### Problem to solve
What's needed is an exact copy of all the data below, without pictures.

Input data section start

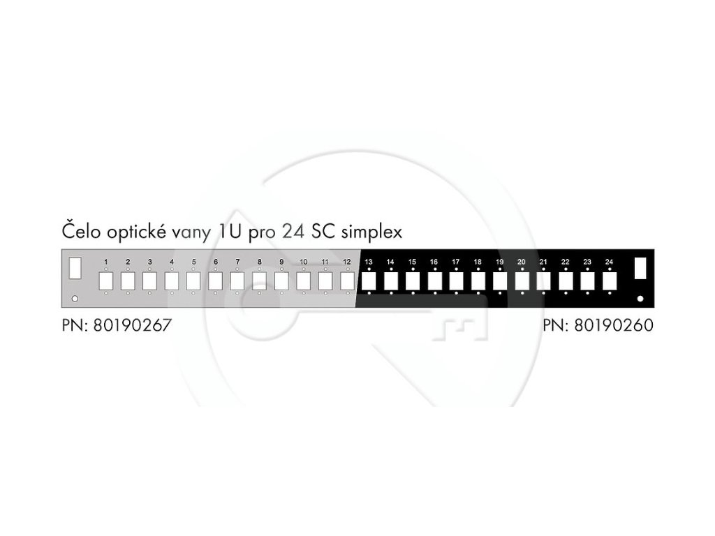 Vlastnosti produktu Čelo optické vany 1U pro 24SC simplex/LC duplex/E2000 BK
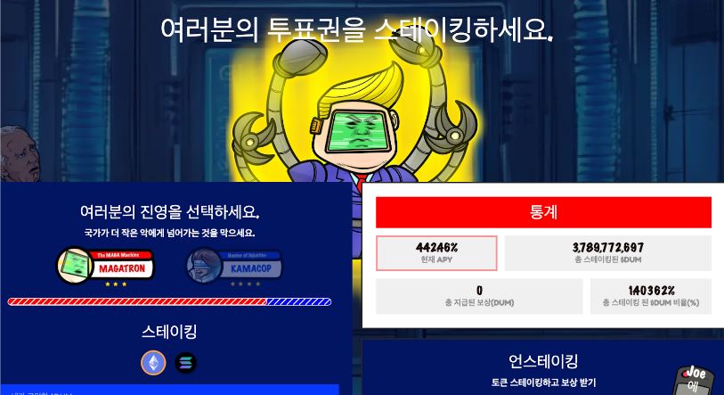 이 프로젝트는 어느 한쪽에 치우치지 않으며, 투자자가 원하는 진영에 참여해 보상을 얻는 구조를 제공한다. 두 가지 스테이킹 풀이 마련돼 있으며, 마가트론 풀의 APY는 442%, 카마캅9000 풀은 1825%로 높은 보상률을 제공한다. 스테이킹 풀 규모가 커질수록 보상률은 점차 감소하도록 설계됐다.
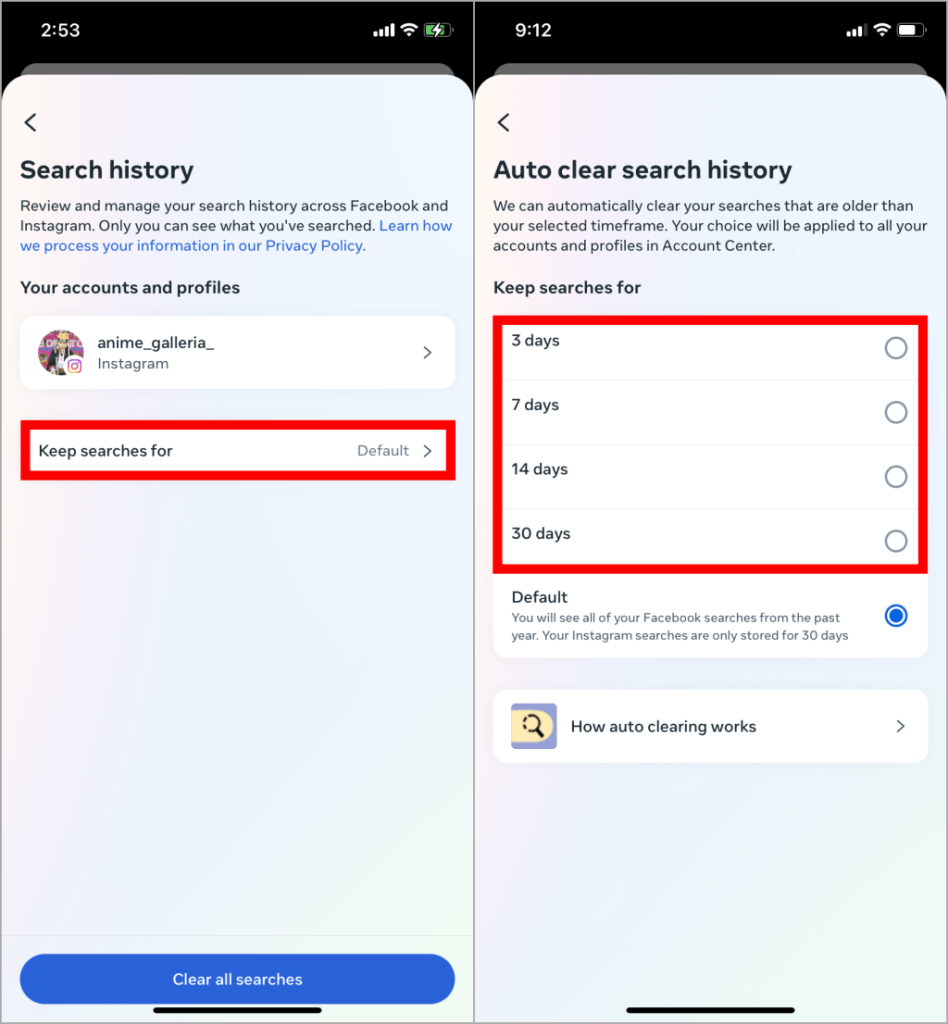 Si desea una manera sencilla de mantener su historial de búsqueda de Instagram limpio y ordenado, entonces el Método 5 es para usted. Al habilitar y configurar el borrado automático del historial de búsqueda, puede asegurarse de que su feed de Instagram se mantenga actualizado sin ningún esfuerzo manual de su parte.
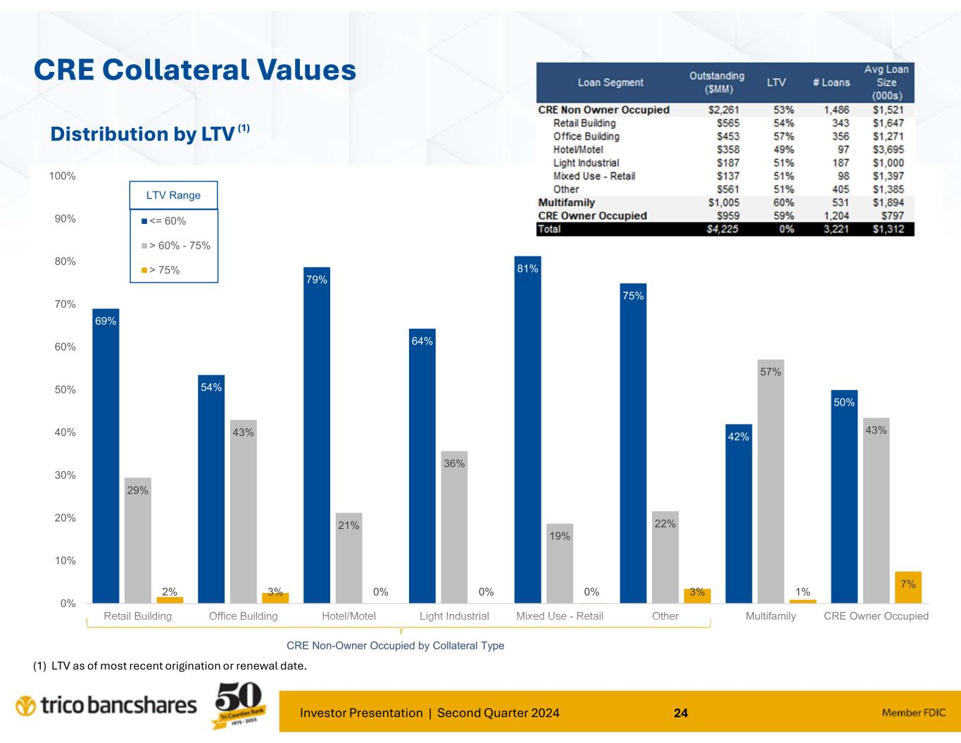Investor Presentation | Second Quarter 2024 24 69% 54% 79% 64% 81% 75% 42% 50% 29% 43% 21% 36% 19% 22% 57% 43% 2% 3% 0% 0% 0% 3% 1% 7% 0% 10% 20% 30% 40% 50% 60% 70% 80% 90% 100% Retail Building Office Building Hotel/Motel Light Industrial Mixed Use - Retail Other Multifamily CRE Owner Occupied <= 60% > 60% - 75% > 75% CRE Collateral Values Distribution by LTV (1) LTV Range (1) LTV as of most recent origination or renewal date. CRE Non-Owner Occupied by Collateral Type
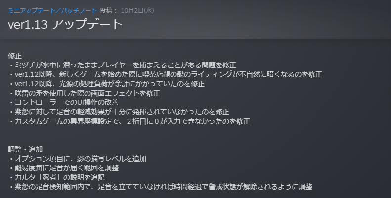 修正 ・ミヅチが水中に潜ったままプレイヤーを捕まえることがある問題を修正 ・ver1.12以降、新しくゲームを始めた際に喫茶店龍の髭のライティングが不自然に暗くなるのを修正 ・ver1.12以降、光源の処理負荷が余計にかかっていたのを修正 ...
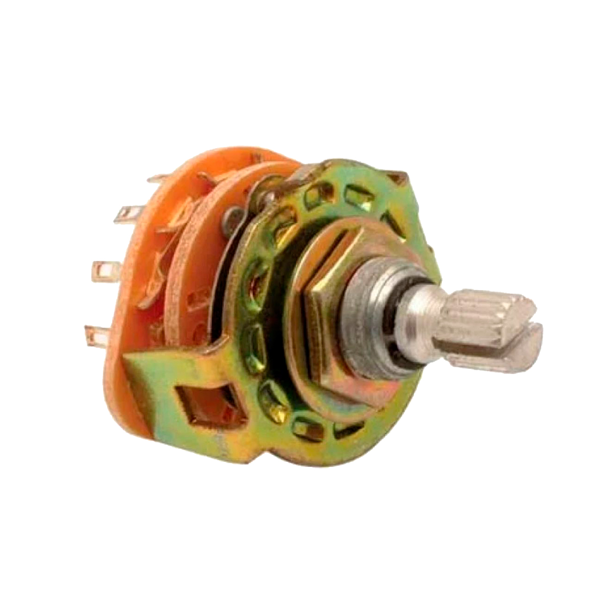 • Interruptor rotatorio (Switch) de 2 polos, 5 tiros, 125 Vca, 350 mA y caña estriada de 1,3 cm.
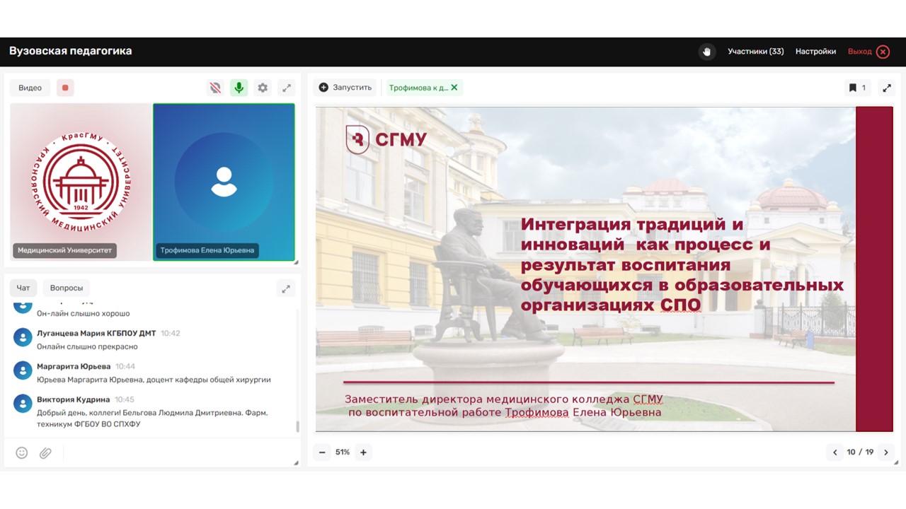 Заместитель директора по воспитательной работе Медицинского колледжа СГМК Трофимова Елена Юрьевна приняла участие в III Международном научно-педагогическом форуме «Интеграция медицинского и фармацевтического образования, науки и практики» (из серии «Вузовская педагогика»), организованном ФГБОУ ВО «Красноярский государственный медицинский университет имени профессора В.Ф. Войно-Ясенецкого» Минздрава России, выступив с докладом «Интеграция традиций и инноваций как процесс и результат воспитания в образовательных организациях среднего профессионального образования» на заседании секции «Среднее медицинское и фармацевтическое образование - модернизация в условиях современных вызовов».
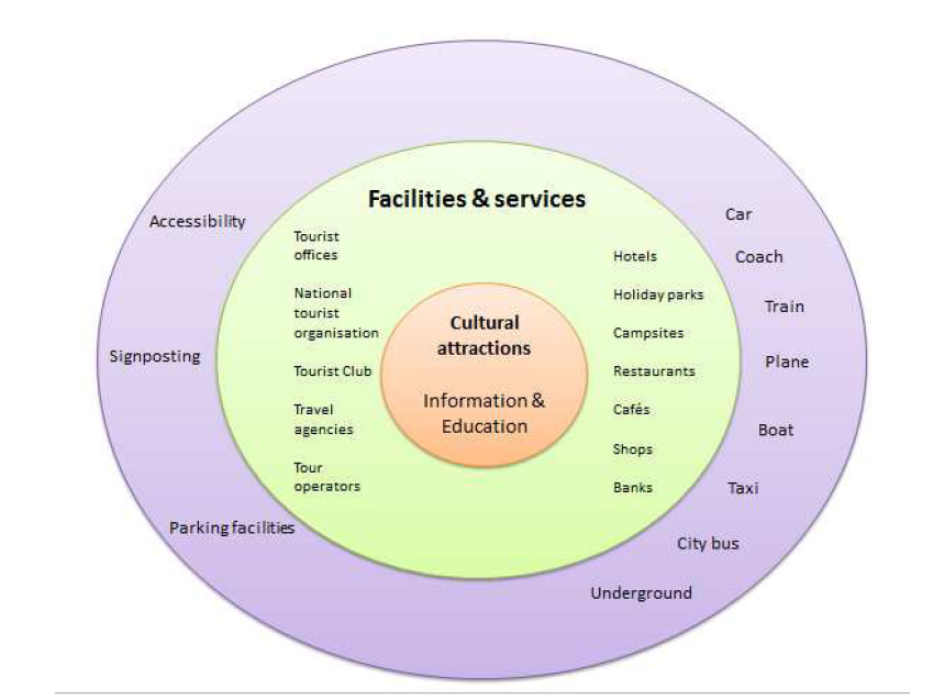 On relève au sein des nombreuses composantes du tourisme, une diversité d’acteurs touristiques qui peuvent graviter autour d’une offre culturelle, comme l’indique le schéma suivant. Y sont situés d’une part, les « metteurs en scène touristiques » que représentent les offices de tourismes, les agences de voyage, etc. harmonisant les atouts locaux à travers des logiques de valorisation et d’attraction touristique du territoire. Y sont placés d’autre part, l’ensemble des industries hôtelières et restauratrices, les infrastructures de transports ainsi que les divers aménagements visant à faciliter l’accès des visiteurs aux sites touristiques. L’économie du tourisme ne se limite donc pas à un secteur d’activité mais concerne bien plusieurs services.

Input data section end

### Solved problem
 Vlastnosti produktu Čelo optické vany 1U pro 24SC simplex/LC duplex/E2000 BK
 이 프로젝트는 어느 한쪽에 치우치지 않으며, 투자자가 원하는 진영에 참여해 보상을 얻는 구조를 제공한다. 두 가지 스테이킹 풀이 마련돼 있으며, 마가트론 풀의 APY는 442%, 카마캅9000 풀은 1825%로 높은 보상률을 제공한다. 스테이킹 풀 규모가 커질수록 보상률은 점차 감소하도록 설계됐다.
 Si desea una manera sencilla de mantener su historial de búsqueda de Instagram limpio y ordenado, entonces el Método 5 es para usted. Al habilitar y configurar el borrado automático del historial de búsqueda, puede asegurarse de que su feed de Instagram se mantenga actualizado sin ningún esfuerzo manual de su parte.
Investor Presentation | Second Quarter 2024 24 69% 54% 79% 64% 81% 75% 42% 50% 29% 43% 21% 36% 19% 22% 57% 43% 2% 3% 0% 0% 0% 3% 1% 7% 0% 10% 20% 30% 40% 50% 60% 70% 80% 90% 100% Retail Building Office Building Hotel/Motel Light Industrial Mixed Use - Retail Other Multifamily CRE Owner Occupied <= 60% > 60% - 75% > 75% CRE Collateral Values Distribution by LTV (1) LTV Range (1) LTV as of most recent origination or renewal date. CRE Non-Owner Occupied by Collateral Type
 修正 ・ミヅチが水中に潜ったままプレイヤーを捕まえることがある問題を修正 ・ver1.12以降、新しくゲームを始めた際に喫茶店龍の髭のライティングが不自然に暗くなるのを修正 ・ver1.12以降、光源の処理負荷が余計にかかっていたのを修正 ...
 • Interruptor rotatorio (Switch) de 2 polos, 5 tiros, 125 Vca, 350 mA y caña estriada de 1,3 cm.
 Заместитель директора по воспитательной работе Медицинского колледжа СГМК Трофимова Елена Юрьевна приняла участие в III Международном научно-педагогическом форуме «Интеграция медицинского и фармацевтического образования, науки и практики» (из серии «Вузовская педагогика»), организованном ФГБОУ ВО «Красноярский государственный медицинский университет имени профессора В.Ф. Войно-Ясенецкого» Минздрава России, выступив с докладом «Интеграция традиций и инноваций как процесс и результат воспитания в образовательных организациях среднего профессионального образования» на заседании секции «Среднее медицинское и фармацевтическое образование - модернизация в условиях современных вызовов».
 On relève au sein des nombreuses composantes du tourisme, une diversité d’acteurs touristiques qui peuvent graviter autour d’une offre culturelle, comme l’indique le schéma suivant. Y sont situés d’une part, les « metteurs en scène touristiques » que représentent les offices de tourismes, les agences de voyage, etc. harmonisant les atouts locaux à travers des logiques de valorisation et d’attraction touristique du territoire. Y sont placés d’autre part, l’ensemble des industries hôtelières et restauratrices, les infrastructures de transports ainsi que les divers aménagements visant à faciliter l’accès des visiteurs aux sites touristiques. L’économie du tourisme ne se limite donc pas à un secteur d’activité mais concerne bien plusieurs services.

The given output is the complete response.